Effective parallelization is needed to enable the computational analysis of systems that are controlled by coupled, nonlinear, three-dimensional phenomena. The modeling of melt crystal growth systems poses special challenges arising from the need to couple three-dimensional heat and mass transfer, incompressible flow, and a phase-change interface whose position and shape is unknown, a priori. The most robust steady-state formulation of the phase-change problem, termed the isotherm method, tracks the location of the melt-crystal interface via a constraint-like formulation that forces the interface to follow the melting point isotherm. This formulation is implicit in terms of the interface unknowns; however, when these equations are solved using Newton's method and a direct solution algorithm, quadratic convergence yields an efficient algorithm. This approach has proven to be very effective for the solution of two-dimensional problems.

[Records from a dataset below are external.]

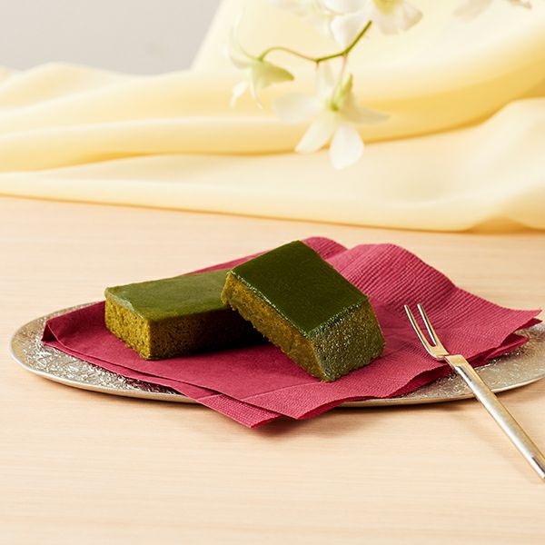 お濃茶用の抹茶を2倍使用し、高貴な抹茶が香り立つお濃茶チーズケーキをお作りしました。幸せな余韻の秘密はレアとベイクド、二層のチーズケーキ。ふんわりやわらか、まるで抹茶の泡を飲んでいるかのように、口の中ですっととろけます。
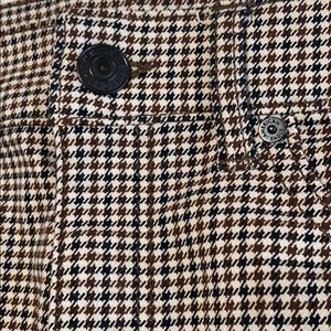 Stretch material. Brown and black checked pattern. Worn once
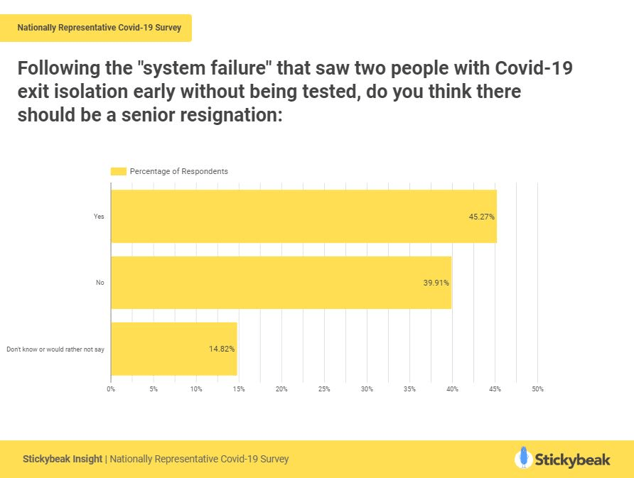 What of the “heads must roll” call? Some have demanded the resignation of the health minister, David Clark; a smaller number have suggested Bloomfield should go. We asked simply: should there be a senior resignation following the big revelation of last week? Just over 45% said yes, with 40% saying the opposite, and just shy of 15% noncommittal.
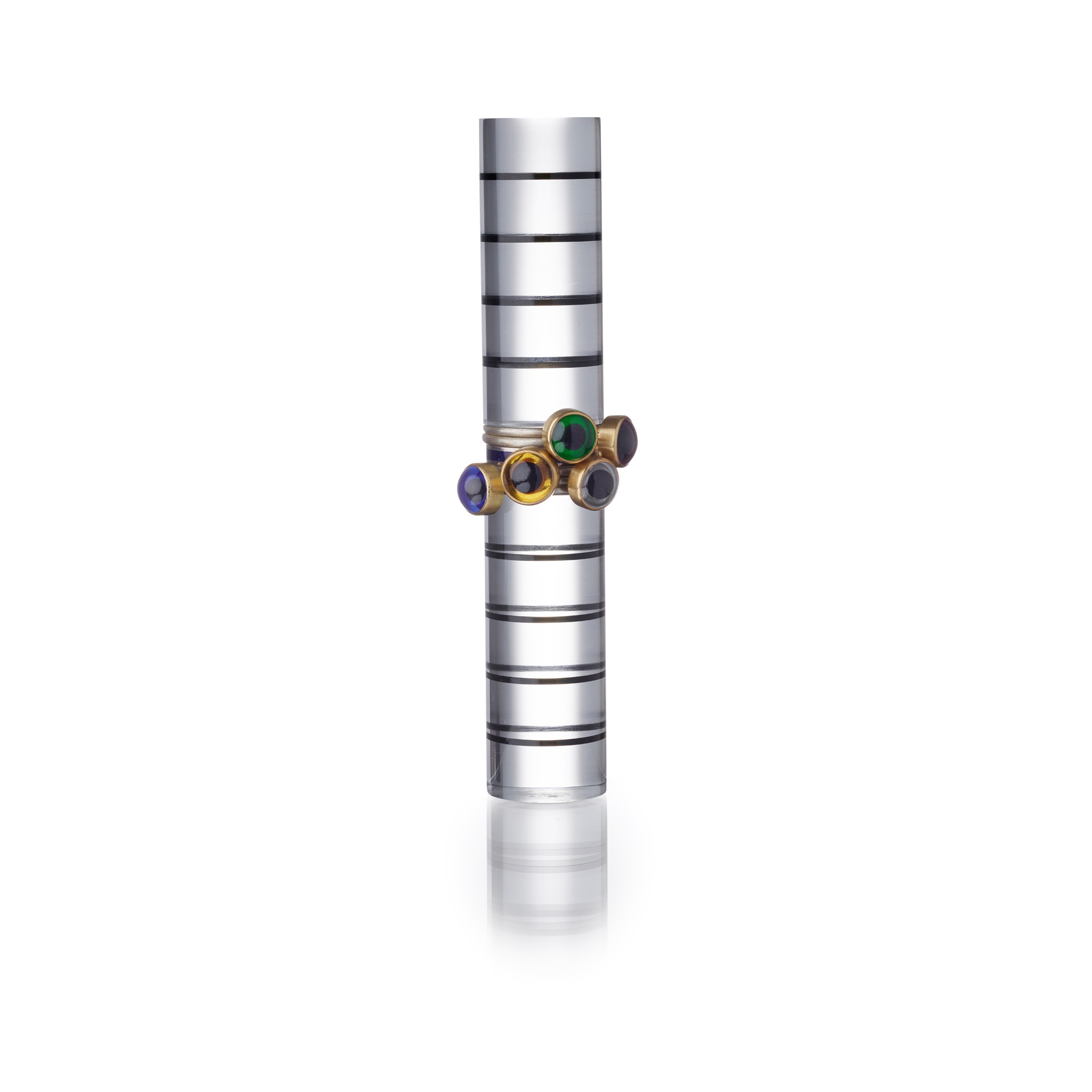 Silver metal, yellow metal, glass, enamel, on acrylic stand with black bands, the enamelled band hallmarked for London, 1985
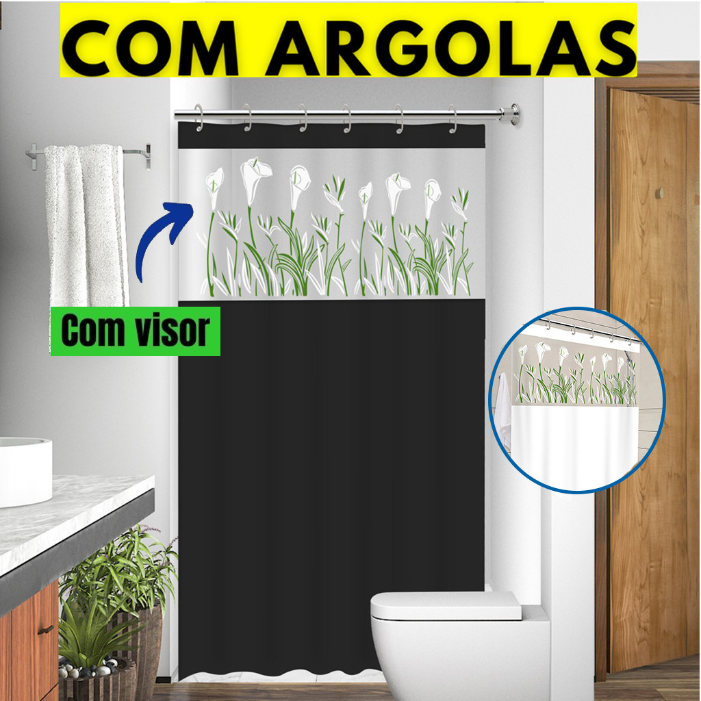 Cortina Box de Banheiro Luxo Moderna Antimofo Impermeável c/ Visor
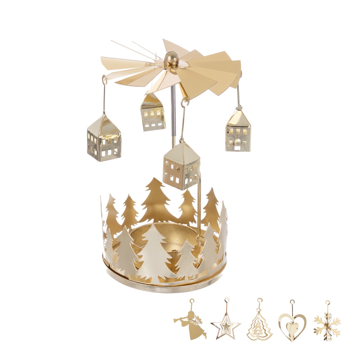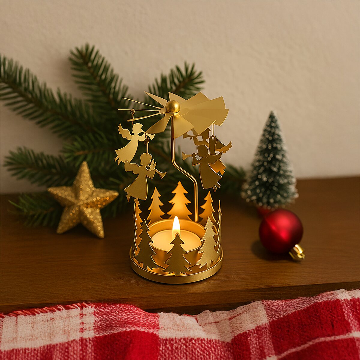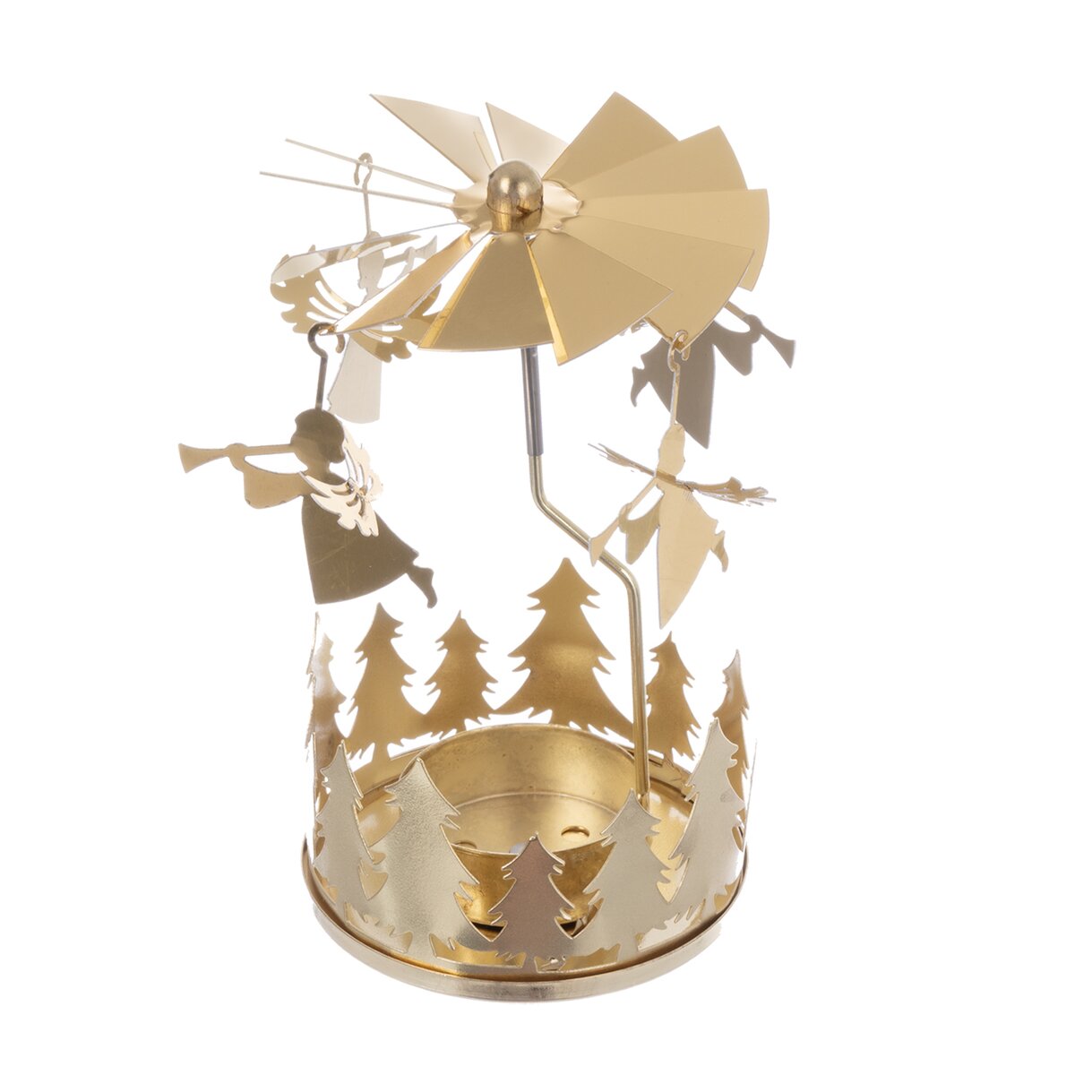 Andělské zvonění je svícen ve zlatém odstínu. Je to klasická adventní výzdoba slavnostního stolu, která navodí příjemnou vánoční atmosféru díky otáčení a teplým světlem čajové svíčky (není součástí balení).

However, the Jacobian matrix arising from the isotherm method is non-symmetric and indefinite, causing significant problems for the convergence of iterative linear solvers that are required for effective parallelization of the three-dimensional problem. While decoupling the field equations for transport from the interface constraints has produced some success for the solution of these problems, the resulting algorithm exhibits only linear convergence. Solution of the fully coupled, simultaneous solution of field and interface unknowns would allow for faster convergence and more cost-effective algorithms.

We propose a new approach to solving such systems by partitioning the Jacobian matrix used in the Newton's method via a Schur complement approach. By partitioning the interface equations from the field equations, this approach maps the difficult part of the problem away to be solved separately and then to be fed back to the rest of the solution. We verify the success of this approach via a test problem based on a two-dimensional crystal growth problem, using a preconditioned GMRES method to solve the block problems. We compare the convergence and expense of this method to that using a direct solver. Prospects for solution of the three-dimensional problem will be demonstrated.